Sudah Waktunya KPPN Menjadi Mitra Utama Penyaluran UMi

Pembiayaan Ultra Mikro atau yang disingkat UMi adalah program fasilitas pembiayaan kepada Usaha Ultra Mikro, baik dalam bentuk kredit konvensional maupun pembiayaan berdasarkan prinsip Syariah. Pertanyaan yang sering muncul atas program UMi ini adalah mengapa harus ada UMi, padahal saat ini sudah ada KUR yang dapat menjangkau termasuk usaha Ultra Mikro yang membutuhkan pembiayaan sampai dengan 10 juta rupiah. Sepintas, kedua kredit tersebut beririsan, tetapi sesungguhnya keduanya banyak perbedaan.

UMi disalurkan oleh Lembaga Keuangan Bukan Bank (LKBB), sedangkan KUR disalurkan oleh Perbankan dan Lembaga Keuangan. Plafon pinjaman dibatasi untuk UMi maksimal 10 juta rupiah, sedangkan KUR dibedakan dalam 2 kategori yaitu untuk usaha mikro dibatasi maksimal 25 juta rupiah, dan untuk usaha kategori ritel mendapatkan 25 juta hingga maksimal 500 juta rupiah. Penerima pembiayaan UMi adalah para pelaku usaha Ultra Mikro, sedangkan KUR adalah pengusaha Mikro dan Kecil. Tenor pinjaman UMi diberikan dalam tenor jangka pendek, yaitu kurang dari 52 minggu, sedangkan KUR diberikan dalam tenor jangka panjang, yaitu lebih dari 1 tahun. Disamping berbeda dalam tenor, UMi dan KUR juga berbeda dalam perlakuan periode pengembaliannya. UMi dapat diberikan dalam periode mingguan, sedangkan KUR hanya diberikan dalam periode bulanan.

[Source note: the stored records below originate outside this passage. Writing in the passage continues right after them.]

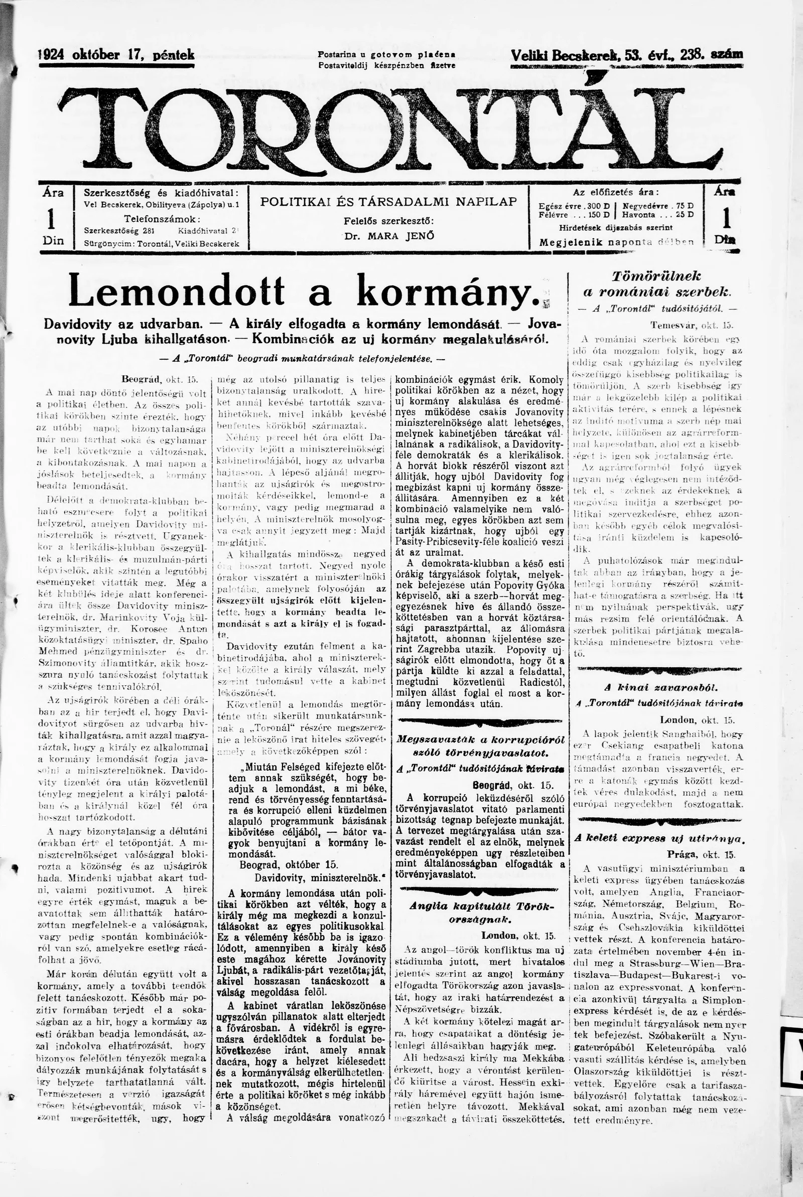 Torontál, 53. évf. 1924. október 17. 238. sz.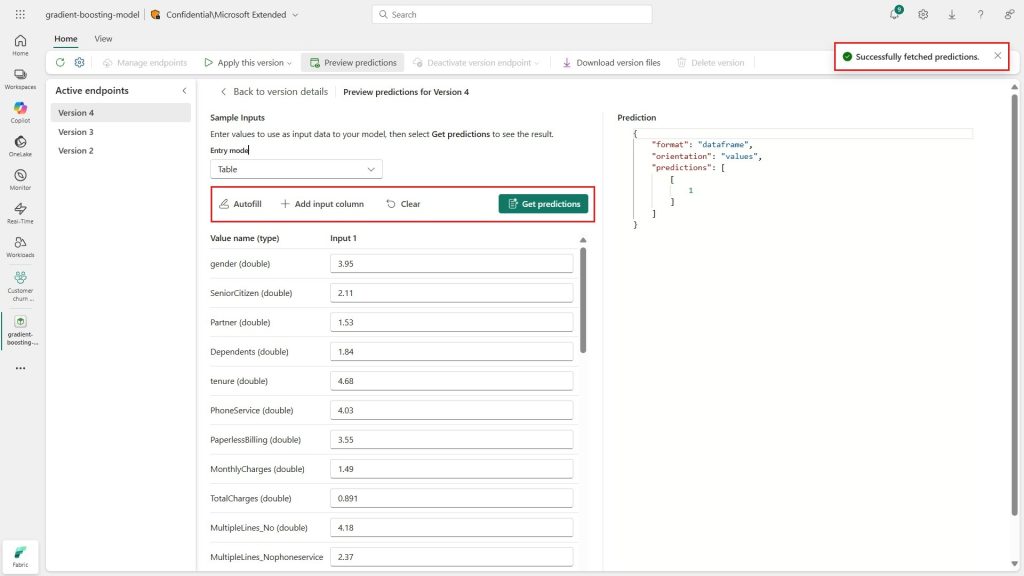 Before serving predictions to other Fabric experiences or custom applications, you can preview sample predictions without leaving the product. A low-code interface enables instant testing, letting you key in requests with form fields or a JSON editor and examine responses in real time.
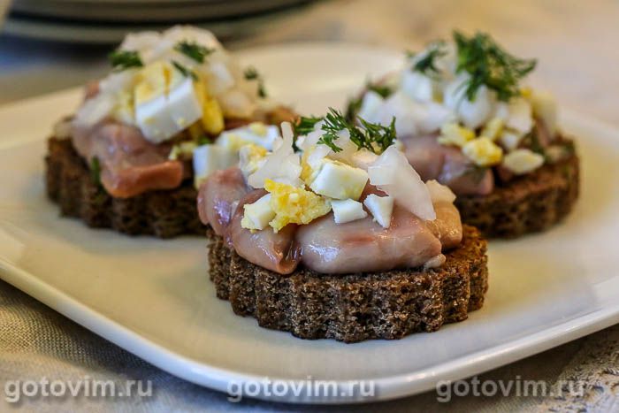 - И в завершении посыпать тартинки с молоками сельди и яйцом маринованным луком. Всё! Закуска на черном хлебе с молоками сельди готова. Приятного аппетита!

Berikutnya, UMi dapat diberikan kelonggaran mengembalikan kreditnya sesuai dengan siklus ekonomi debiturnya. Jika seorang petani adalah debitur UMi, maka petani tersebut dapat mencicil lebih kecil pada musim tanam/pemeliharaan, dan mencicil pinjaman lebih besar pada saat musim panen. Sedangkan untuk KUR, cicilan tetap setiap bulan sebagaimana aturan perbankan yang berlaku. Perbedaan UMi dan KUR berikutnya adalah tentang agunan. Bagi debitur yang tergabung dalam sebuah kelompok usaha, maka UMi tidak mensyaratkan adanya agunan, sedangkan KUR wajib memberikan agunan sesuai dengan peraturan perbankan. UMi wajib memberikan pendampingan dan pelatihan kepada para debiturnya, sedangkan KUR tidak diwajibkan. Pemerintah, melalui Badan Layanan Umum Pusat Investasi Pemerintah (BLU-PIP), memberikan pinjaman ke LKBB dengan bunga 2-4%. Sedangkan untuk KUR, pemerintah memberikan subsidi bunga tetap yaitu sebesar 7%. Terakhir, untuk prosedur pinjaman, pada UMi menggunakan mekanisme LKBB, sedangkan KUR menggunakan mekanisme Perbankan.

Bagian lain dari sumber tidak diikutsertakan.